Mümtazer Türköne'nin yazısı...
Askerin durduğu yer
Genelkurmay Başkanı'nın önceki gün yaptığı 'sert' açıklamada en 'sert' cümle son cümleydi. 'Son sözüm şudur' diyordu İlker Başbuğ: 'Herkesi dikkatli olmaya ve doğru yerde bulunmaya davet ediyorum.' 'Dikkatli ol' sözü, üstün asta yapacağı bir ikaz.
'Doğru yerde dur' ikazı ise her yoruma açık. Bu sözde, gazetecilere yönelik tehdit olup olmadığı ayrı bir konu. Ama şu sorunun cevabını aramaya hepimizin hakkı var: 'Doğru yer neresi?'
Askerin durduğu yer mi?
Bu 'sert' açıklamada kendisini savunan asker duruyor. Hangi mevziyi savunuyorsunuz? Savunmanın yapıldığı yer neresi? Kimi kime karşı savunuyorsunuz?
Asker bizim dışımızda, epeyce üstümüzde bir yerde duruyor. Kendisini toplumdan ve diğer devlet kurumlarından ayrı görüyor. Sürekli olarak 'TSK'ya yapılan saldırılardan' şikâyetçi olması, bu ayrı-gayrılığın bir işareti.
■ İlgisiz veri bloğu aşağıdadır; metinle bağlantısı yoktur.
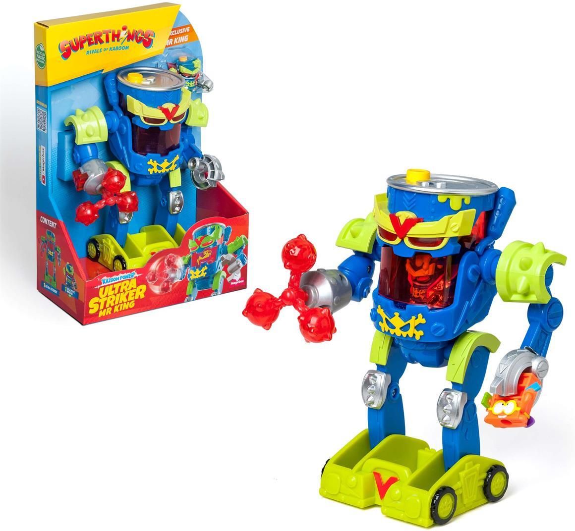 Dołącz do poszukiwań Kazoom wraz z SuperThingsami! W nowych odcinkach serialu animowanego Cartoonito „SuperThings Kazoom Power” Professor K tworzy z fragmentu energii Kazoom robota Ultra Striker dla Mister Kinga, dzięki czemu nikt nie będzie w stanie go powstrzymać! Umieść superzłoczyńcę w kabinie, aby sterował robotem. Robot ma koła, dzięki którym może niszczyć wszystko na swojej drodze! Przejdź do pozycji ataku dzięki jego wysuwanym nogom. Aktywuj atak obrotowy połączonymi kulami w jednej pięści i chwytaj wrogów hakiem zamontowanym w drugiej pięści. Zawartość: 1 robot Ultra Striker Mr. King 1 ekskluzywny Mr. King EAN: 8431618041208
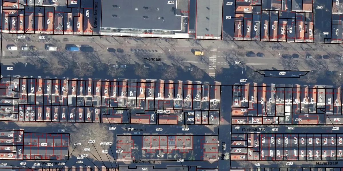 Levendaal 155 is gelegen op kadastraal perceel LDN01D581. Deze kadastrale aanduiding is uniek en wordt gebruikt door het Kadaster om eigendomsrechten en andere zakelijke rechten vast te leggen. Het perceel maakt onderdeel uit van de kadastrale gemeente Leiden.
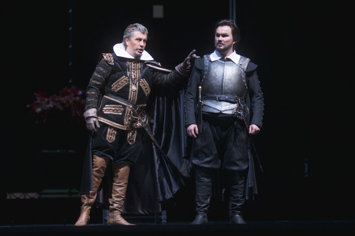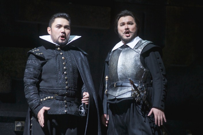 Говорить о вокальных лидерах в "Доне Карлосе" можно долго. Уверенное звуковедение и хорошая подача текста ведущих артистов заслуживают отдельных аплодисментов. В сложнейшей партии Елизаветы Валуа на сцене блистала Жаннат Бактай. Сопрано вызвала большую симпатию у зала. Певица демонстрировала музыкальную выразительность, яркие низы и верха, богатые филировки и пиано. Видно было, что все движения артистки отточены, по-королевски величавы, но в то же время мягки и женственны.
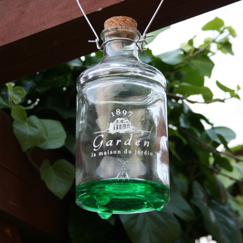 Průměr nádobky je 10 cm a výška 20cm. Nádobka je uzavřena korkovým špuntem s vnitřním otvorem 3cm. Ze spodní části je lákavý vstup pro hmyz, vyvýšený okrajem pro udržení hladiny ovocné šťávy, nebo jiné lákavé tekutiny pro vosy. Celková výška i s háčkem je 31cm.
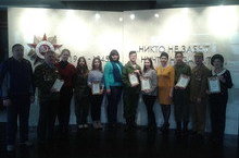 23.02.16. Ребята из поискового отряда гимназии №6 получили грамоты от Совета ветеранов. Грамоты вручали Владимир Сергеевич Савинов, племянник Героя героя Советского Союза, и представитель министерства труда, занятости и социальной защиты Эльмира Ильгизаровна Фаляхутдинова

Türkiye'nin dış güvenliğini sağlamakla görevli ordusu neden bitmez-tükenmez saldırılara hedef olur? 'Düşmanlarımız' neden ülkemize, halkımıza, devletimize değil de ordumuza saldırır?
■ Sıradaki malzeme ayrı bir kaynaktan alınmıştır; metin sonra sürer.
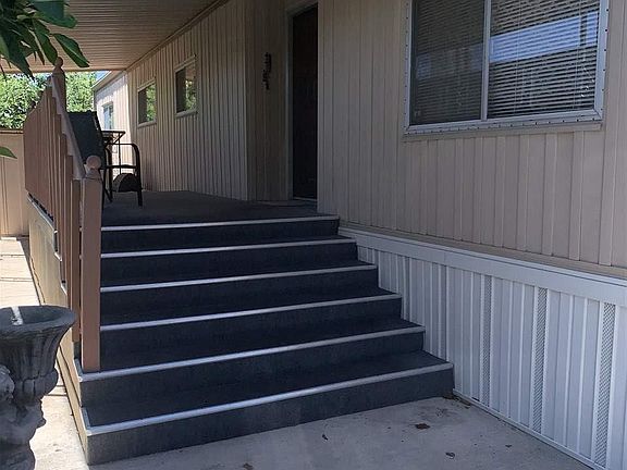 Don't miss out on this spacious mobile home. It has a lot of updated features from exterior paint, deck, A/C, water heater, insulated roof, guest bathroom and more. Large back yard has a Gardners paradise. Pomegranate, Fig, Orange Trees and more. Vegetable garden including tomatoes, green beens, cherry tomatoes, squash, grapes and more. Custom cabinetry in living area, refrigerator, washer and dryer are included. Seller is offering a $5,000 closing cost credit in lieu of flooring. There are two sheds included. Great location in the park. Must be 55+ years and apply with the park management, must make 3 times the rent space which is currently around 795 per mo. to qualify. Mobile home lenders available with a little as 5% down. Amenities include a community pool.
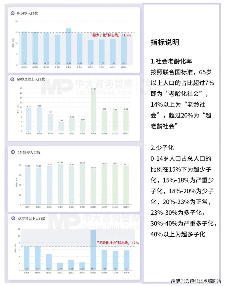 1. 2020年,前10强区县普遍进入“超少子化”社会,广州市海珠区老龄化初现
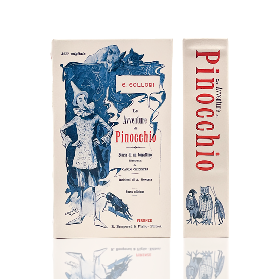 Based on the original book, "The Adventures of Pinocchio" written in 1883 by Italian author Carlo Collodi. 1889 edition, with watercolor illustrations by Carlo Chiostri, medium book.
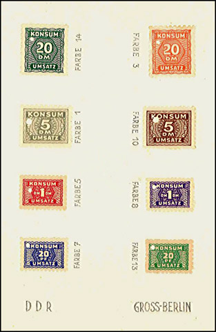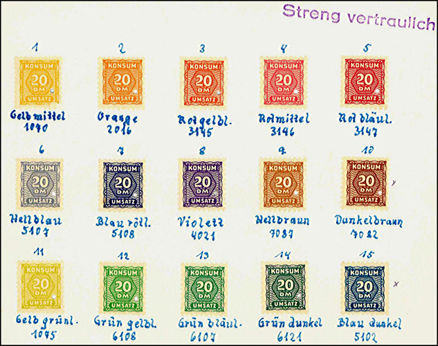 Die beigefügten Marken-Entwürfe (Farbbezeichnungen) stammen ebenfalls vom Zentralkonsum e.G. (Berlin). Ob diese alle in die Praxis überführt wurden ist nicht bekannt (aber sehr wahrscheinlich). Aus welchem Farbtafelwerk die Bezeichnungen entnommen wurden ist nicht bekannt. Farb-Varianten der 1,- DM Werte |
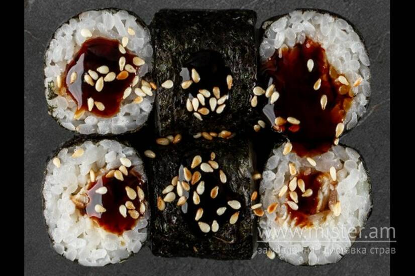 Суші: Макі огірок, Макі авокадо, Макі лосось, Рол "Філадельфія Томаго", Рол "Філадельфія класична", Рол "Філадельфія Каппа", Рол "Хот Сякі", Рол "Каліфорнія класична", Рол "Каліфорнія лайт", Рол "Каліфорнія Тобіко Сякі", Рол "Дракон Фуку Ріо", Рол "Дракон Кінруо", Рол "Блек хебі", Рол "Якедо Салмон", Рол "Кіцуне", Рол "4 сири", Суші-сет "Лайт", Суші-сет "Сан сет", Суші-сет "Філадельфія", Рол "Темпура Сякі", Рол "Філадельфія Ебі", Рол "Темпура Унагі"
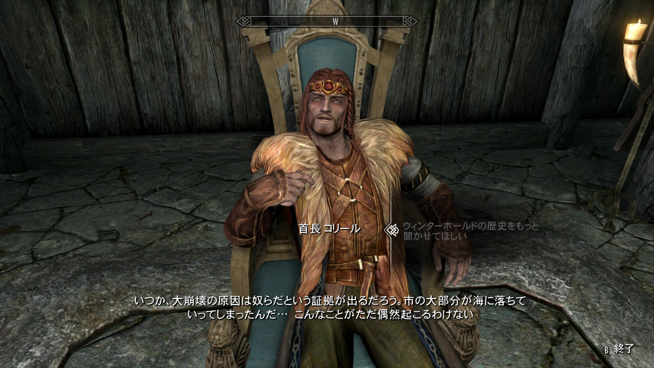 【上画像】一人称視点でプチムービーを演出するも、ウィンターホールドの歴史よりも首長コリールの顔しか印象に残らない結果に
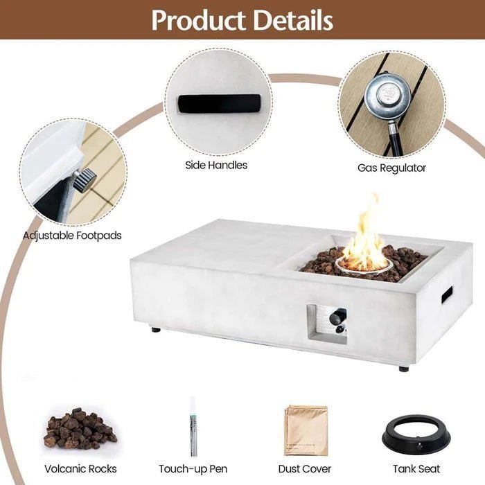 - Only for Outdoor Use: The fire pit table can be used only for outdoor occasions. Its concrete-like appearance fits well in different places like the backyard, poolside, garden and deck. In addition, the fire pit is fully assembled so there is no installation required. And the ignition steps are quite simple: push and turn the control knob, and continue pressing the igniter button to light the burner.
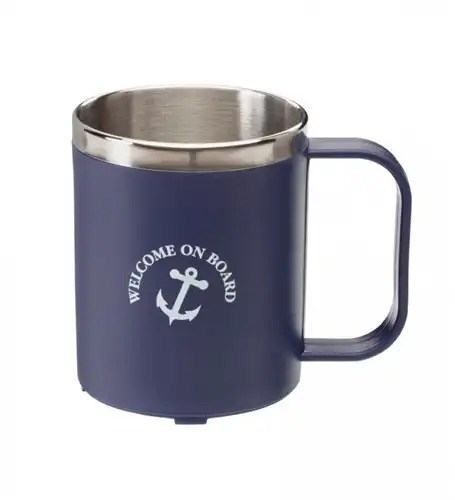 Deze koffiebeker met rvs binnenkant zorgt ervoor dat een warme drank zoals koffie of thee goed op temperatuur blijft. De beker heeft een inhoud van 20 cl en is voorzien van het Welcome on Board logo.

Genelkurmay Başkanı'nın 'sert' üslubuna yansıyan bir 'doğru olmayan yer' var. Asker, her şeyin üzerinde bir yerde durduğunu düşünüyor. Askerî dikta dönemlerinde olduğu gibi bu durum gerçek olsa sonuç farklı olacak. Öyle olmayınca, ordu bu sefer bu üslupla gerçekten yıpranıyor.
Bugün artık bir hata olduğu kabul edilen terörle mücadelenin askerin tekelinde olması sorununun gerekçesi de aynı. Her şeye hakim, üstelik elinde silah da bulunan bir gücün itibarını muhafaza etmek için terörle mücadelenin dışında kalmaması gerekiyordu. Terör, bu hantal askerî bürokrasinin zaaflarını gösterdi.
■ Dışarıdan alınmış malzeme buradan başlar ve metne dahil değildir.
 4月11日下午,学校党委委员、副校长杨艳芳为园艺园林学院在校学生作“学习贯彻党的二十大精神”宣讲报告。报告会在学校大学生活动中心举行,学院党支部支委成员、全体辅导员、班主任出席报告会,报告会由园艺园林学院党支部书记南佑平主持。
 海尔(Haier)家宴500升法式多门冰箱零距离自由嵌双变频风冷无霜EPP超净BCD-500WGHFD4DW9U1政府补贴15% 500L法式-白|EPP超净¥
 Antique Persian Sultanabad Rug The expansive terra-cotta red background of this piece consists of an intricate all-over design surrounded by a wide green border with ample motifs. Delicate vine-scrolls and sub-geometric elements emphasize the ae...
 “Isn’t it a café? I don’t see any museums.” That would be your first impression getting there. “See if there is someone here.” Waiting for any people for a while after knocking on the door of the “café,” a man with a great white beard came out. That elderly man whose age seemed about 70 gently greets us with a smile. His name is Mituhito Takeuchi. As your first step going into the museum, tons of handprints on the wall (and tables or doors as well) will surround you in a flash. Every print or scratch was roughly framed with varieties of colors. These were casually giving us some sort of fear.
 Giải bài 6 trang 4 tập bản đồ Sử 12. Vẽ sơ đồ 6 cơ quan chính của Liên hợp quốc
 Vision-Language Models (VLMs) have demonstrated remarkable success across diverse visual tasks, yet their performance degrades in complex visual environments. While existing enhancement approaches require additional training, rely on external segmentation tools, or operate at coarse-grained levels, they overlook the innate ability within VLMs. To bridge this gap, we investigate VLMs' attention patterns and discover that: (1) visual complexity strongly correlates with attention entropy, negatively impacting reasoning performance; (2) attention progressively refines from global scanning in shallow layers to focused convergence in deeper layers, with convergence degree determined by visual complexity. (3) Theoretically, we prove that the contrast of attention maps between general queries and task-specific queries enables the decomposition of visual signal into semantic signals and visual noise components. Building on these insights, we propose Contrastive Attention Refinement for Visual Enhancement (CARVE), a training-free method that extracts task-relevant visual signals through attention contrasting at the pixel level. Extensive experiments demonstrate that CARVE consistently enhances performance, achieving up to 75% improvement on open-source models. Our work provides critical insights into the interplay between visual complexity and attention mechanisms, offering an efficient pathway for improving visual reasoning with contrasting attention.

Sürdürdüğümüz yıpratıcı tartışmaların, terörle mücadele konusunda karşılaştığımız zaafların hepsinin arkasında askerin durduğu yerle ilgili sorunlar var. Dış güvenliğe göre yapılanmış bir orduyu, terörle mücadele için kullandığınız zaman zihinsel ve pratik bir yığın sorun ortaya çıkıyor. Askerî bürokrasinin, terörle mücadele konusunda meslekî bir yanılsama içinde olduğu anlaşılıyor.
Hiç olmazsa şu muhakemeyi yürütebiliriz. Bizler sivil bir anlayışla durduğumuz yerin doğru olup olmadığını kritik edebiliriz. Eleştiriler istikametinde kendimizi gözden geçirebiliriz. Aynı kritiği asker yapabilir mi?
1930'lu yıllarda askerin söyledikleri ile bugünkü arasında bir fark olmaması, kronik bir sorunla karşı karşıya olduğumuzu gösteriyor. 1930'lı yıllarda Fevzi Çakmak'ın söylediği sözleri hatırlamak yeterli. Metin Heper'in yeni çıkan 'Devlet ve Kürtler' isimli kitabı soğukkanlı ve objektif yaklaşımı ile 'Kürt sorunu'nun dününü ve bugününü bir araya getiriyor. Bu sorun etrafındaki tartışmaları bir bütünlük içinde özetliyor. Heper Cumhuriyet döneminde devletin sanıldığı gibi Kürtleri asimilasyon politikası olmadığını söylüyor. Devlet tam tersine toplumu dönüştürmek yerine toplumla arasına bir mesafe koyuyor 'kendisine özgü misyonunu evrenselliğin öncüsü ve koruyucusu olarak' belirtiyor. Fevzi Çakmak ile günümüz Genelkurmay başkanları arasında, soruna yaklaşım açısından bir farkın olmaması hataların nasıl alışkanlığa dönüştüğünü anlatıyor. Bugünün askerî bürokrasisini çözümlemiş oluyor.
Herkesin durduğu yer ile ilgili sorunları olabilir. Ama Türkiye'nin kronik sorunu, güvenlik bürokrasisinin demokratik bir devlette olması gereken yerde bulunmaması. Askerlerin demokrasiyi bir ahlakî ve insanî prensip olmanın ötesinde, işe yarayan pratik bir sorun çözme yöntemi olarak görmeleri ve bu yöntemi kuvvetlendirecek bir stratejik konuma geçmeleri lâzım.
Güvenliğimizi emanet ettiğimiz askerî bürokrasi, bulunduğu yeri mutlaka gözden geçirmeli.